A novel therapeutic potential for
acute promyelocytic leukemia using
arsenic trioxide (
As(2) O(3) ) has been reported. Recent in vitro studies demonstrated that
As(2) O(3) effectively inhibits the growth of some cell lines derived from patients with
malignant lymphoma,
chronic lymphocytic leukemia and
multiple myeloma.
Adult T-cell leukemia (ATL) is an aggressive
neoplasm of mature T-cell origin caused by human
T-cell leukemia virus type-I (HTLV-I) the prognosis of which still remains very poor. A possible role of
As(2) O(3) for the treatment of ATL is demonstrated from evidence that
As(2) O(3) significantly inhibits the growth of HTLV-I infected T-cell lines and induces apoptosis in fresh ATL cells at clinically achievable concentration of the agent. The growth inhibition of
As(2) O(3) treated HTLV-I infected T-cell lines was induced by both apoptosis and G(1) phase accumulation. Cleaved bcl-2
protein and an enhanced expression of
bak protein in the cells were coincidentally observed during
As(2) O(3) treatment.
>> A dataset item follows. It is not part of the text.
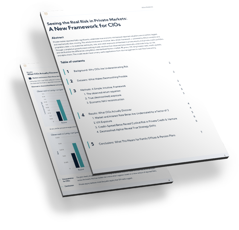This article introduces an intuitive, data-driven framework — powered by Altius’s analytics and proprietary data — to reveal the real equity, rate, and credit exposures embedded in private-equity and private-credit portfolios.
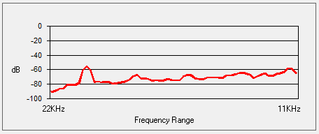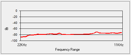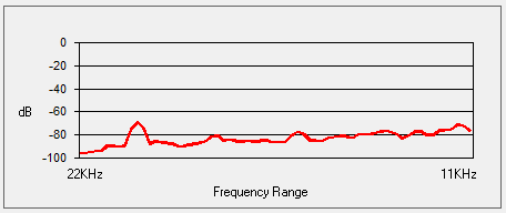 Given that I recorded the videos below in lossy MP4 format, I created separate recordings in .FLAC format. This allows me to check the card's frequency response and signal-to-noise ratio. I'm testing a signal-to-noise plug-in for Audacity which uses the ISO-226 curve for signal and ITU-R 468 curve for noise, the results of which are shown here:

A broad spectrum
caspase inhibitor, z-Val-Ala-DL-Asp-fluoromethylketone inhibited the apoptosis induced by
As(2) O(3). Increased expression of p53, Cip1/p21 and Kip1/p27, and dephosphorylation of
retinoblastoma protein (pRb) were detected in the
As(2) O(3) treated cells. In conclusion,
As(2) O(3) might become a new therapeutic tool in the treatment of ATL as
As(2) O(3) induces apoptosis by destruction of the bcl-2
protein and enhancement of the
bak protein production proceeding to activate
caspases, and also induces G(1) phase accumulation by enhancement of p53, Cip1/p21, Kip1/p27 and dephosphorylation of pRb to HTLV-I infected T-cell lines.